You will spend more time looking in the logs than you will tweaking it settings (at least I do), advising people that they are blacklisted or not configured properly!
Dont know why the Symantec Appliance worked and then needed manual intervention.  I don't have any experience of the appliances I'm afraid.
In terms of results, please have a read of this link:
http://blog.sembee.co.uk/post/Truly-Spectacular-Results-from-Vamsoft-ORF.aspx 

I just had a huge spam attack ......5000 emails from Mailer-Daemon

is my exchange server an open relay for spammers ? how can I block it if it is ?

Do you still have Vamsoft installed?
If you do - check the time the first email that was spam arrived - the messages should stand out in the logs, then correlate that time to the security event log and see which user account was used to sign on with.
That is your abused user account.  Change the password to a strong password and make sure you have strong passwords for all other accounts.
If the spam is not using an account, then your anti-spam software should be blocking it.

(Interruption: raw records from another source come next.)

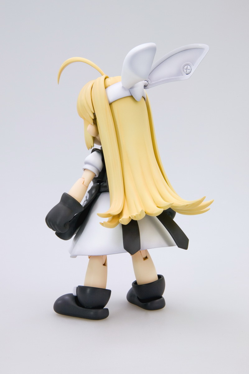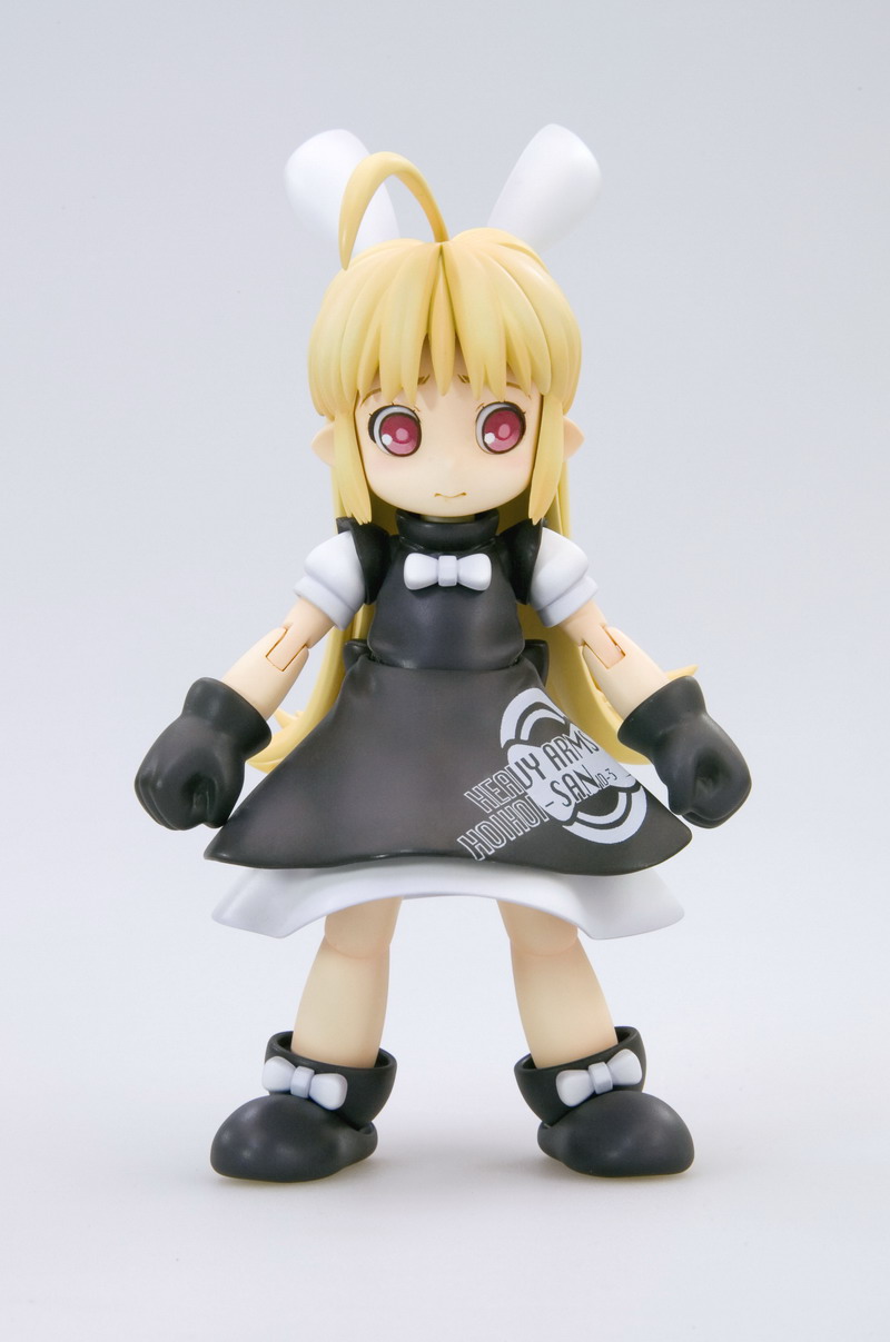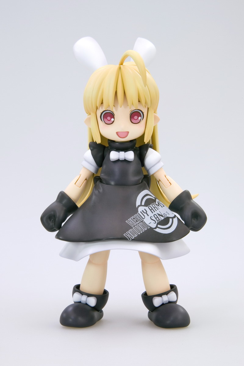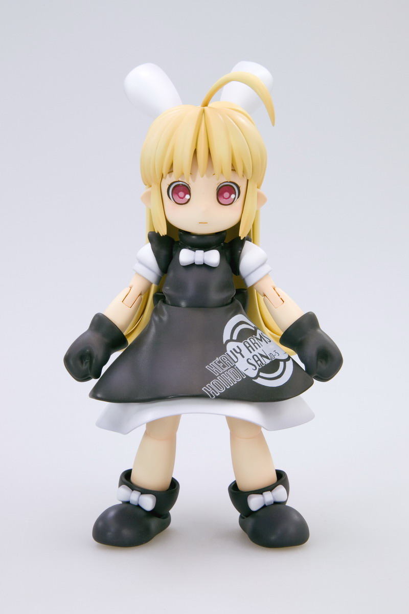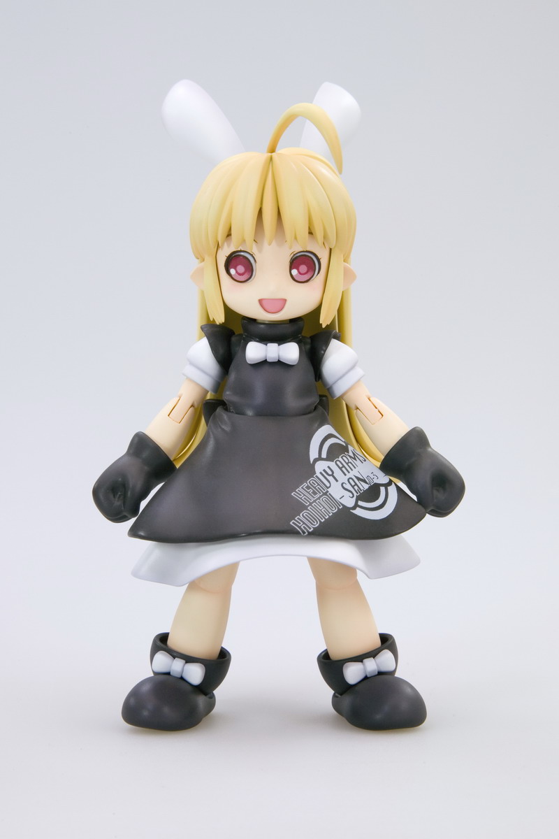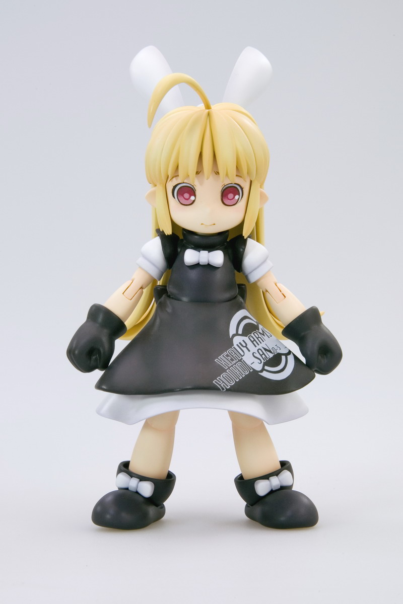 Like the previous "Heavy Arms" version (see HERE), this Hoi Hoi-san wears her traditional maid's outfit with matching slippers and bunny ears, but this time it's in the "Nightmare" black and white color scheme with pink and red eye decals. The bug killer comes with two different faces – one happy and one angry for furious combat and her accessories include the massive Hoi Hoi Hammer, heavy machine gun, and "Bug Killer" bottle. Sculpted by Misono Auto, Masatoshi Aoki, and Yuta Itoyama, Hoi Hoi-san is comprised of approximately 130 pieces, and can be painted in any way you'd like. The little robot has 25 points of articulation for posing, and she comes with special decals for her eyes and the logo on her skirt. And if that wasn't enough, the Nightmare version even comes with an exclusive poster.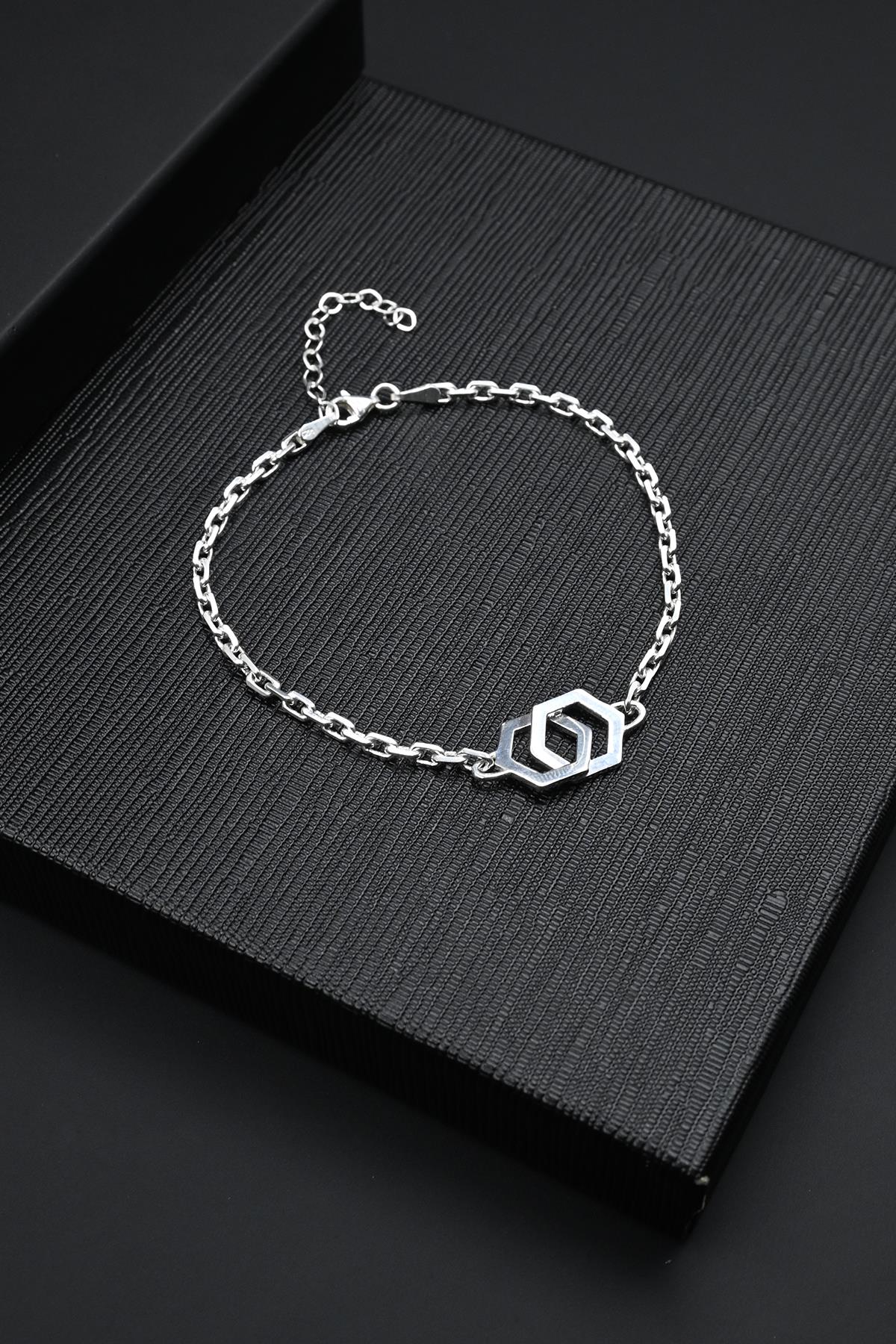 FRNCH 925 Sterling Silver Hexagonal Figured Silver Color Men's Bracelet; Material: 925 Sterling Silver Color: Silver Size: 19+4 cm; Sent in FRNCH Box; It is recommended to keep away from cosmetics, perfume, and cleaning products.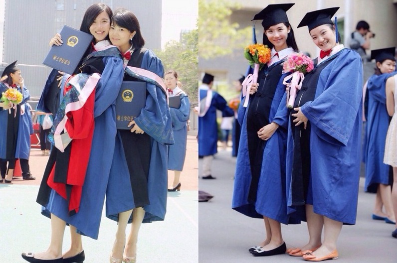 A woman master holder‘s graduation photos go viral on Weibo, a twitter-like social media in China. According to her Weibo, she gave birth to a boy in her second year of postgraduate study and conceived a girl while busy with her dissertation for the master degree. Netizens praised her for good arrangement of life. (Photo source: Guangzhou Daily) |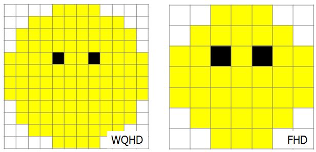 5인치 모바일 기기 기준으로, 2560개의 가로 픽셀 한 줄의 폭이 머리카락(10µm)보다 좁다. 이렇게 미세 단위의 정교한 묘사가 가능하기 때문에 화면 속 그림의 선명도가 높아진다. 특히 그림의 경계면에서 HD급보다 분명한 구분이 가능하다.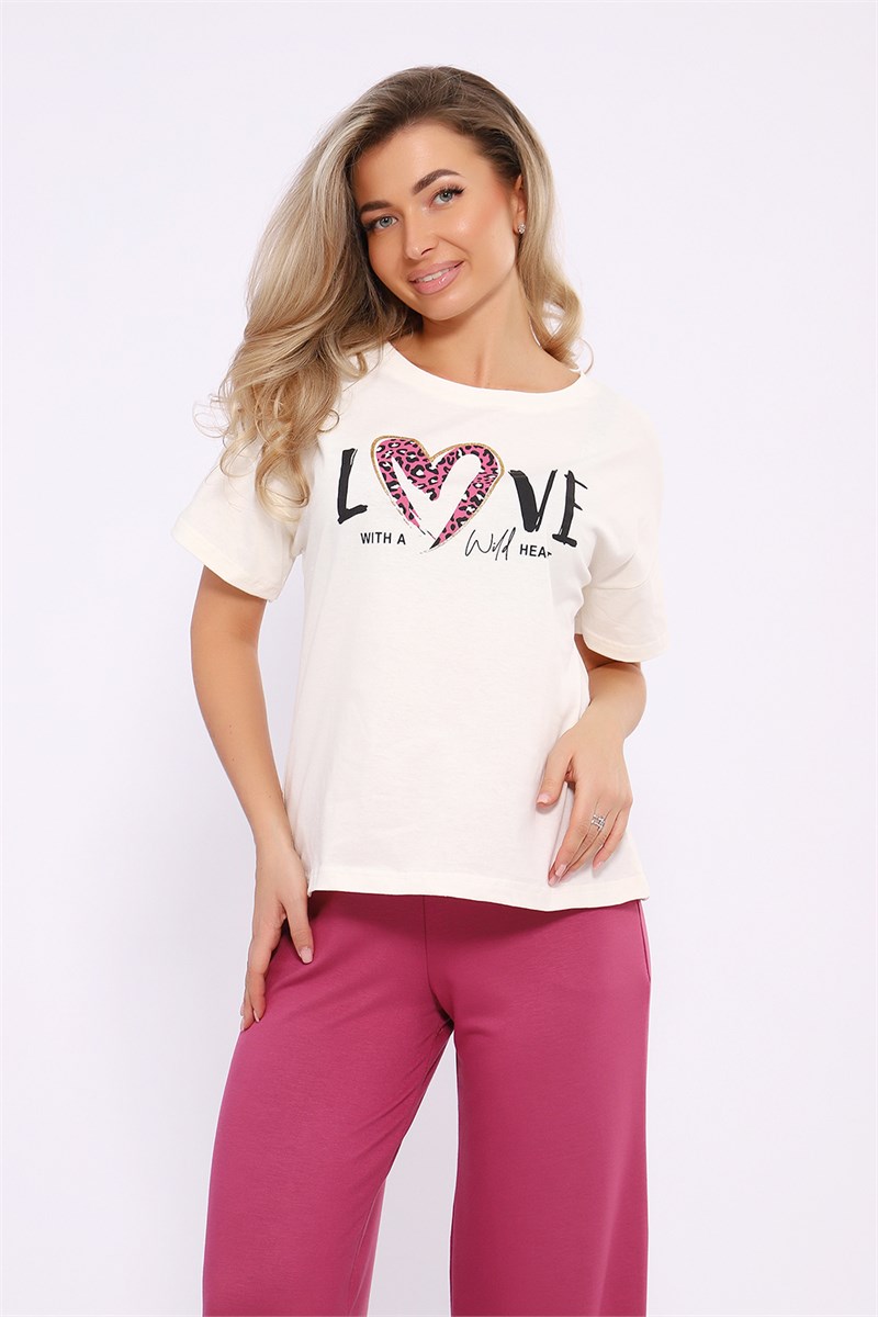 Костюм женский (брюки и футболка с принтом). Брюки данной модели выполнены из качественого трикотжного полотна футер 2-х нитка с довавлением вискозы, очень приятная и комфортная ткань. По бокам присутствуют карманы и пояс втачной с отстрочками. Футболка с втачным рукавом но со пущеным плечом, свободного кроя. Выполнена из трикотажного полотна кулирка ( хлопок 100%). Отличная модель для дома и отдыха.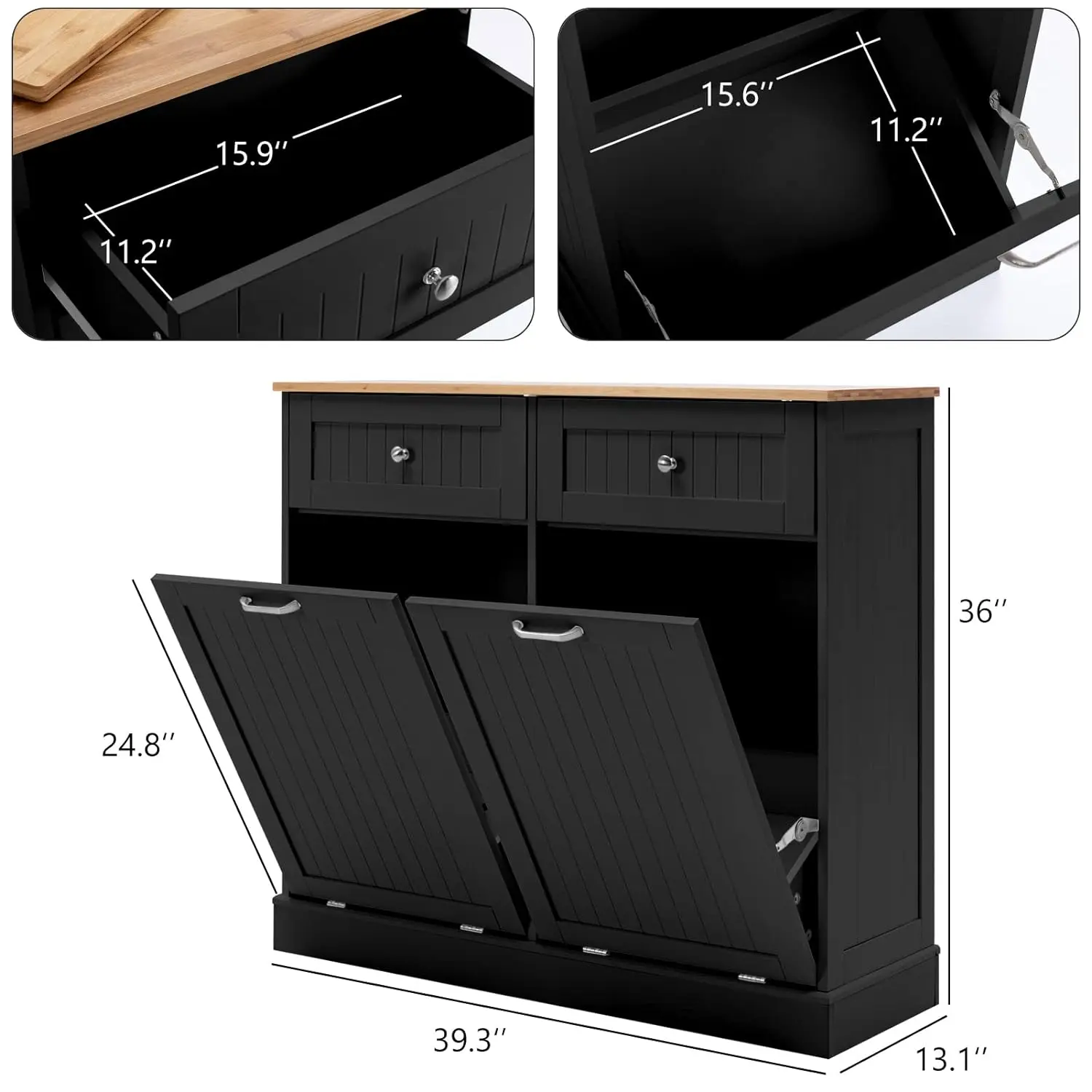 ·【MULTIFUNCTIONAL PLATE】The trash can cabinet includes a movable bamboo cutting board that fits nicely onto the drawer top providing additional cutting space that can be brought straight to the table.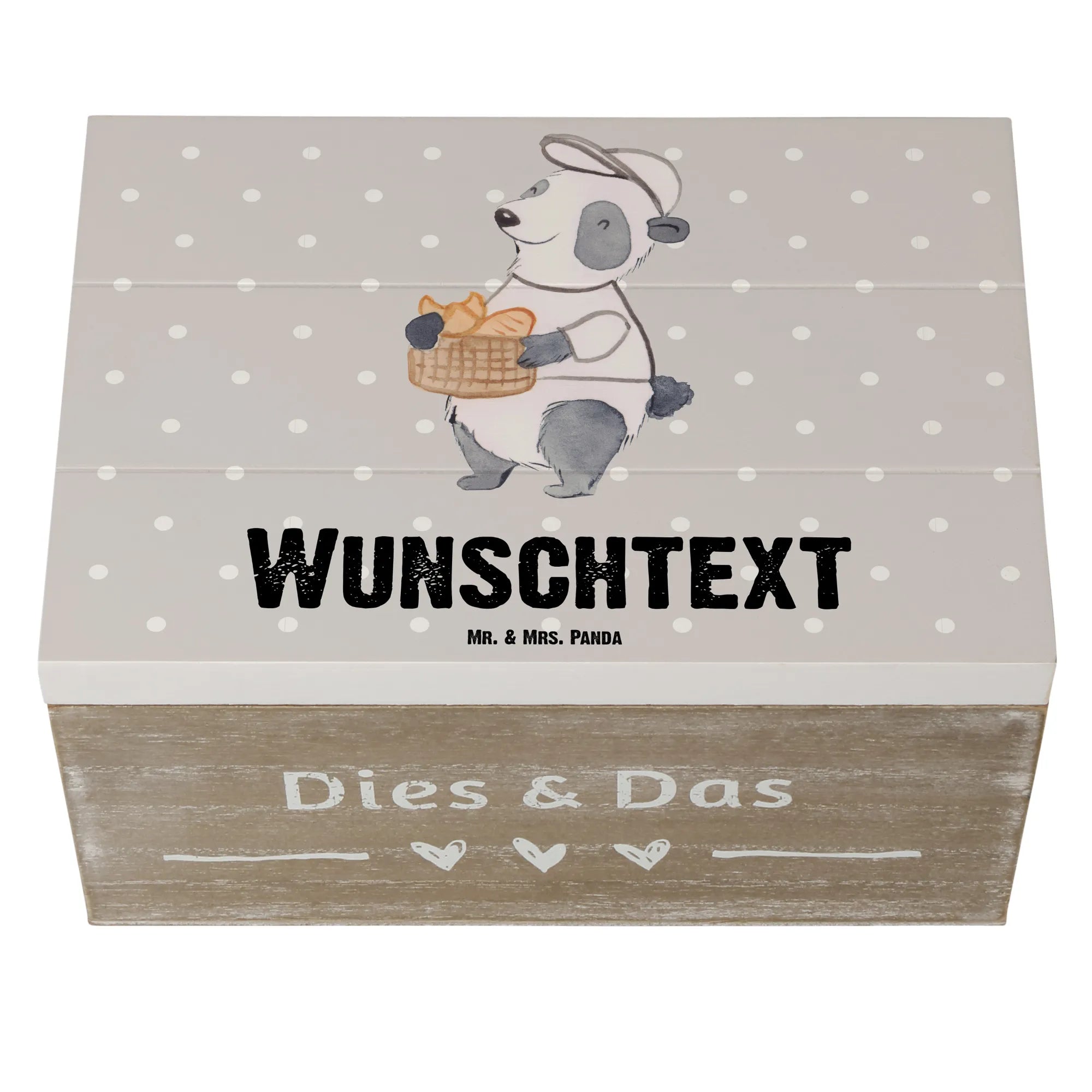 Die personalisierte Holzkiste 'Bäckereifachverkäufer mit Herz' von Mr. & Mrs. Panda ist das perfekte Geschenk für all jene, die das Bäckerhandwerk lieben oder einfach die süßen Köstlichkeiten aus einer Bäckerei schätzen. Ob als praktische Dekokiste, Aufbewahrungsbox für nostalgische Erinnerungen oder stilvolle Geschenkbox - diese Kiste ist ein wahres Allroundtalent!

well it seems that my antispam software may not be blocking it or

all the spam is appearing on my antispam software but i have to manually remove all the obvious spam mails.

Which software are you referring to?
Vamsoft?

No our symantec antispam gateway is not doing it's work. I find vamsoft easy to manage.

I wanted to know , which is better ?

1) An antispam gateway which is intercepting spam before it reaches exchange or the antispam software installed on exchage server to intercept after it reaches exchange server?

2) WHere should the antispam software be best placed ?

or is it

3) what kind of antispam software we should purchase

or

4) how good antispam software is configured ?

or a combination of these ?

yea in coming month we have to renew it. I will tell my management for change of antispam ...if they dont then i'm stuck with this SBG applicance for good....

Fingers crossed.

Do you need any more help with anything now?